We are all the dead, just here for a visit.


----------



## katsteve2012 (Jul 20, 2021)

Gracie said:


> I thought we had a paranormal forum here...but either I am blind or I am too dumb to find it. So....I'm putting this thread in here since it says "nothing matters here" or somesuch.
> 
> Anyway...has anyone ever experienced a visitation from a deceased loved one? Human or pet. Just to let you know they are ok, or just to be near you for the short time they have energy wise to visit.
> 
> ...


There is a Paranormal forum in the Hobbies section.
 Moved the thread there for you.


----------



## fncceo (Jul 20, 2021)




----------



## Gabe Lackmann (Jul 20, 2021)

Nope, they die, and I don't see them again for some reason? Odd that way.


----------



## Care4all (Jul 20, 2021)

Twice, both not relatives.

Once was a friend and coworker's mother.  He was 19 and a very promising employee, and I had befriended his mother, who was an alcoholic....drank a 6 pack every night.... But she was a very sweet woman, single mother who was a married man's mistress for 10 plus years....Eric knew him, as his Uncle and did not know he was his father when young... But his father/uncle just stopped coming over...completely disappeared, though his mother continued to get checks from him monthly, to take care of them both.

Anyway, she paid for her mistake, with liver failure...so sad....he was just 19, and a group of us at work organized a cleaning and painting, and getting the house he inherited for sale party....about 6 of us.  Eric was so sad and distraught and almost mad, about his mom's drinking and basically killing herself via the bottle.....  I tried so hard to help her...and was making progress with her...but it was just too late, her liver was on its way out already....she so loved Eric and his father so much.

It was an overnight, two day ordeal so we were all sleeping where we could in the living room....I was lucky and got one of the couches.

That night, his mom...Peachy was her nickname, came to me in my dream... She said to me, clear as day...  Tell Eric I love him, and I am okay...I'm not in pain anymore.  I could smell her...that's how real it seemed, then Peachy said to me, please watch over Eric.  Then immediately, I woke up....it was so real, I mean realer than real.... When I told him, he said, I wish she had come to me!


----------



## iamwhatiseem (Jul 21, 2021)

Several.
And one event was witnessed by two others... three if you count the dog 

  But honestly, there is little reason to tell what happened.

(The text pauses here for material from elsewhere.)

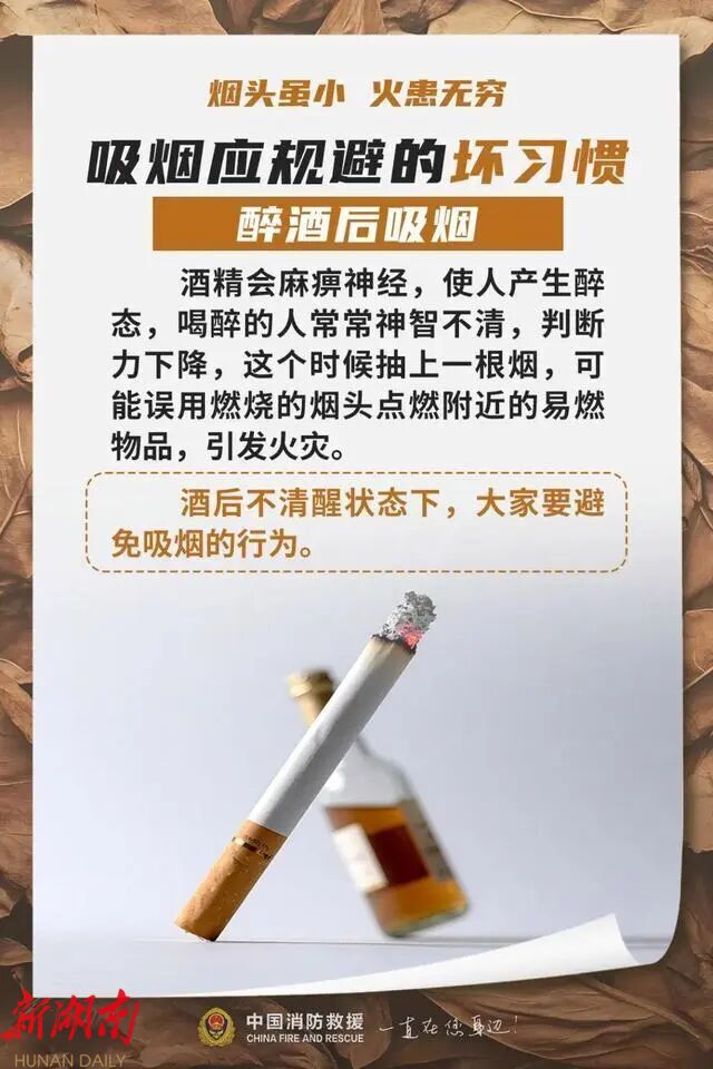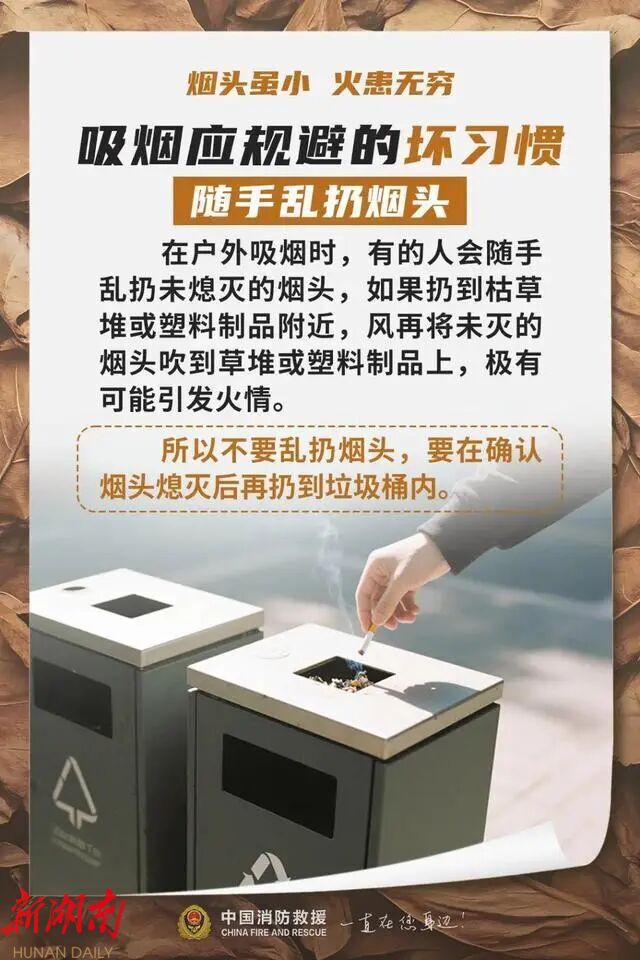 2025年2月28日凌晨1时26分,湖南张家界市永定区某公司宿舍的一处杂物间发生火灾,造成1人不幸身亡。火灾原因为烟头引燃周围可燃物,进而引发火势蔓延。

You will overwhelmingly not be believed. So... there is that.
And I get it, there are many things that can cause bumps in the night.
It is just that my experiences are, a bit more defined than that.


----------



## iamwhatiseem (Jul 21, 2021)

Care4all said:


> Twice, both not relatives.
> 
> Once was a friend and coworker's mother.  He was 19 and a very promising employee, and I had befriended his mother, who was an alcoholic....drank a 6 pack every night.... But she was a very sweet woman, single mother who was a married man's mistress for 10 plus years....Eric knew him, as his Uncle and did not know he was his father when young... But his father/uncle just stopped coming over...completely disappeared, though his mother continued to get checks from him monthly, to take care of them both.
> 
> ...


Just sayin... that sounds like "DRC"... Dream-reality confusion. These kinds of "very real" dreams always occur right before a person awakens.
You are still having a dream at the moment your brain is switching from unconscious to conscious. So it can seem incredibly real.


----------



## Care4all (Jul 21, 2021)

iamwhatiseem said:


> Just sayin... that sounds like "DRC"... Dream-reality confusion. These kinds of "very real" dreams always occur right before a person awakens.
> You are still having a dream at the moment your brain is switching from unconscious to conscious. So it can seem incredibly real.


I don't know what it was....I can only say, it seemed, felt, and smelled real....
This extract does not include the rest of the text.